## Task brief
Each line in the material below, starting at the one with "the two points." and ending at the one with "Répartition par groupe", is to be reproduced exactly; no picture is to be copied.

## Given information
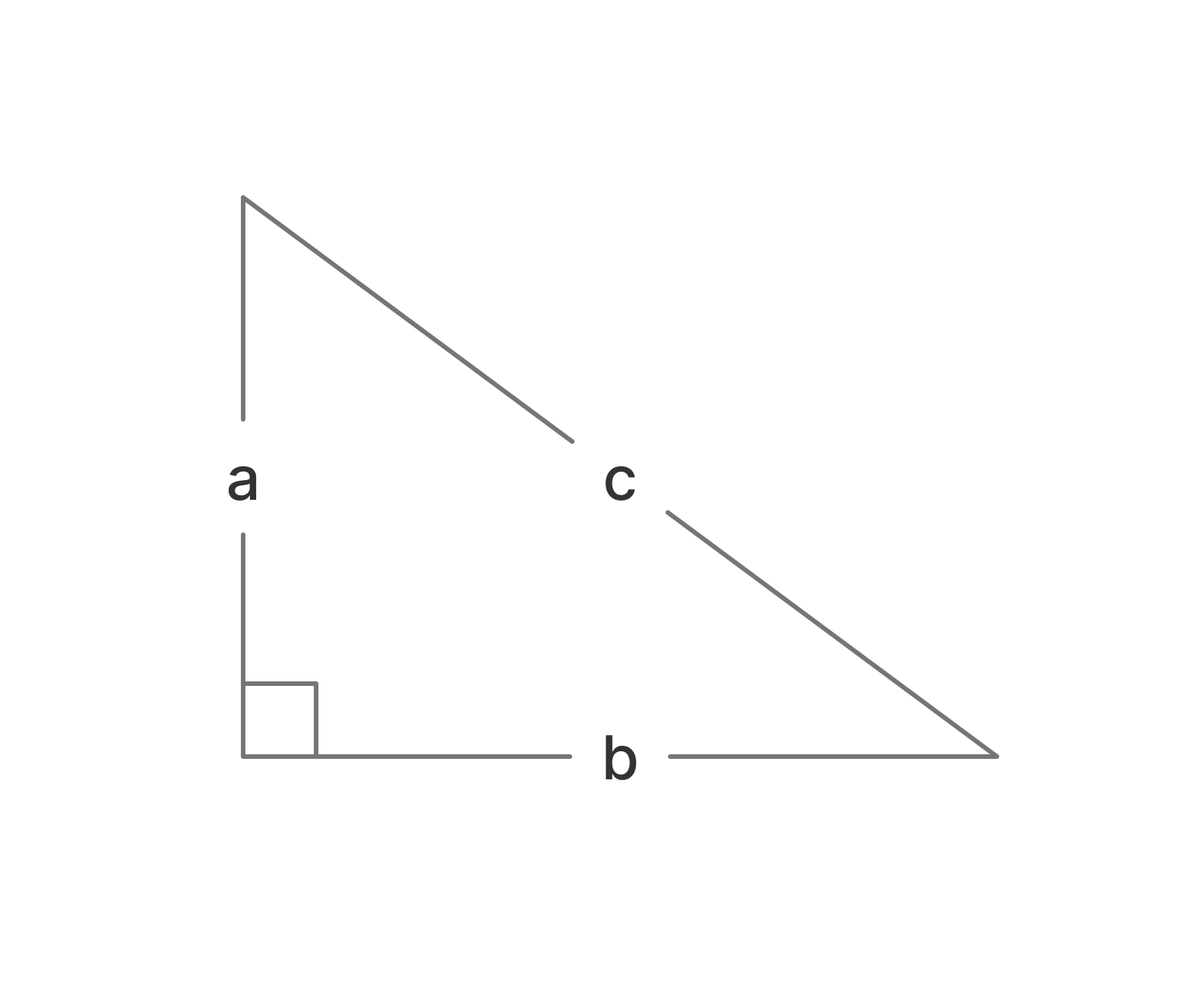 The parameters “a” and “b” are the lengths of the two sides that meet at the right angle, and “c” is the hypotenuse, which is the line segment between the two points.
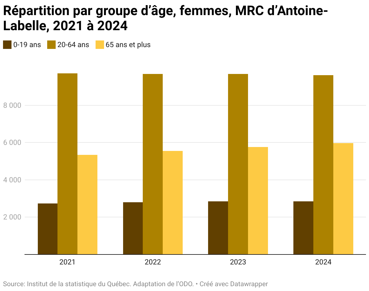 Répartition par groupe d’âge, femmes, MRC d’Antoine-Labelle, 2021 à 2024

==

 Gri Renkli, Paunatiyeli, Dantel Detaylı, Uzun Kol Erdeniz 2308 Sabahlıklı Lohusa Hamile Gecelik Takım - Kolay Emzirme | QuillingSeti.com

## Solution
 The parameters “a” and “b” are the lengths of the two sides that meet at the right angle, and “c” is the hypotenuse, which is the line segment between the two points.
 Répartition par groupe d’âge, femmes, MRC d’Antoine-Labelle, 2021 à 2024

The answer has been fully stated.